GIVEN INFORMATION:
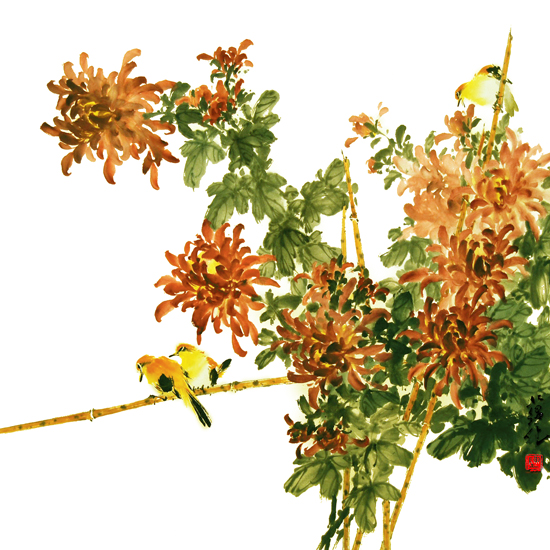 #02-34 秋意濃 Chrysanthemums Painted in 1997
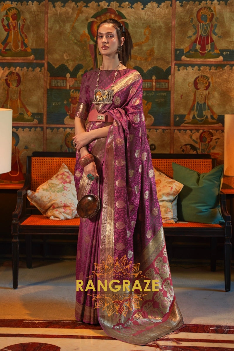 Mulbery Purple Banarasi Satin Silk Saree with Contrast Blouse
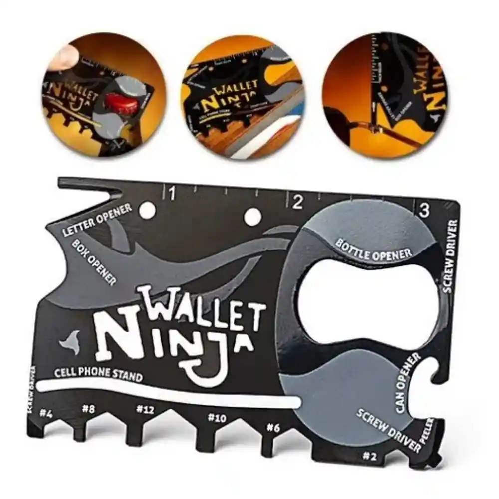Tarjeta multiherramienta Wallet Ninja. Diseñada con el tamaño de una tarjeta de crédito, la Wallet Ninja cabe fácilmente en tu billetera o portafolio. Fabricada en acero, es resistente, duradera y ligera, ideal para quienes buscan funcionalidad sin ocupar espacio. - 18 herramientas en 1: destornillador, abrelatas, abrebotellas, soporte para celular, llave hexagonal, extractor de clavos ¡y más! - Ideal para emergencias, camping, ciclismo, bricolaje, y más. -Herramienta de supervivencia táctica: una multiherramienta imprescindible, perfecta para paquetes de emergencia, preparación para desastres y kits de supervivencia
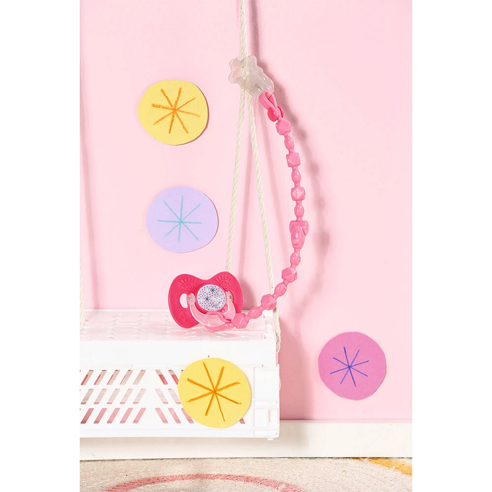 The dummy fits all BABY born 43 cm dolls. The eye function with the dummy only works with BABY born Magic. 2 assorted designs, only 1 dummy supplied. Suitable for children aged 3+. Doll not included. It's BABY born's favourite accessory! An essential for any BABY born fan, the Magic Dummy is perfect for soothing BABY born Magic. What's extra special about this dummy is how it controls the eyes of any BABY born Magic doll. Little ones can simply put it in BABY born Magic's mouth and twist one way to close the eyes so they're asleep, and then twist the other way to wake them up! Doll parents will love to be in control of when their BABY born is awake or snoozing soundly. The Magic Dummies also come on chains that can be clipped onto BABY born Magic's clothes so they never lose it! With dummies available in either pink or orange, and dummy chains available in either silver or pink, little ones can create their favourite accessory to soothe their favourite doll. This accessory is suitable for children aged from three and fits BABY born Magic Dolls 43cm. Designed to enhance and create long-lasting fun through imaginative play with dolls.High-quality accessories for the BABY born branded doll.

==

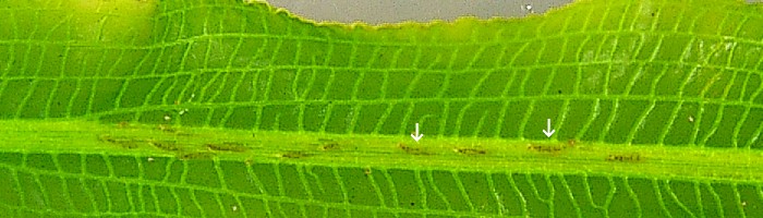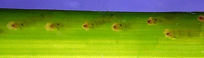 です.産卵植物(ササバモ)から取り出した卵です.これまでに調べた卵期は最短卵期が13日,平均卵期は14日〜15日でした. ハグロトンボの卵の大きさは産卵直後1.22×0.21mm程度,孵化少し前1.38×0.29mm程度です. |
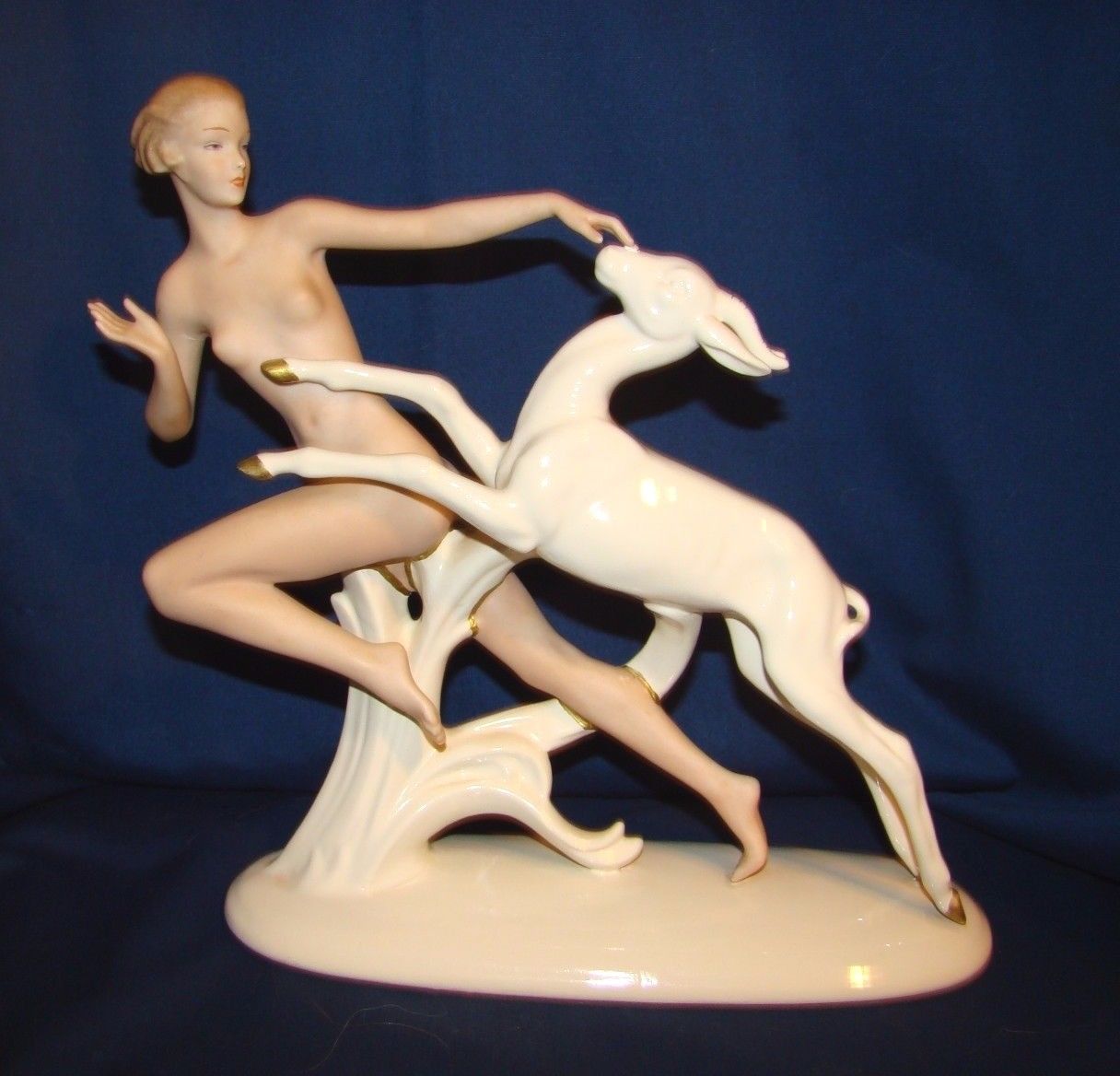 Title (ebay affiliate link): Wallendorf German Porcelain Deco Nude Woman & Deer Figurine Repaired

WHAT YOU ARE ASKED TO DO: From the records above, copy exactly the stretch from the line holding "Mulbery Purple Banarasi" through the line holding "Tarjeta multiherramienta Wallet", both ends included, without the pictures.

WRITTEN ANSWER:
 Mulbery Purple Banarasi Satin Silk Saree with Contrast Blouse
Tarjeta multiherramienta Wallet Ninja. Diseñada con el tamaño de una tarjeta de crédito, la Wallet Ninja cabe fácilmente en tu billetera o portafolio. Fabricada en acero, es resistente, duradera y ligera, ideal para quienes buscan funcionalidad sin ocupar espacio. - 18 herramientas en 1: destornillador, abrelatas, abrebotellas, soporte para celular, llave hexagonal, extractor de clavos ¡y más! - Ideal para emergencias, camping, ciclismo, bricolaje, y más. -Herramienta de supervivencia táctica: una multiherramienta imprescindible, perfecta para paquetes de emergencia, preparación para desastres y kits de supervivencia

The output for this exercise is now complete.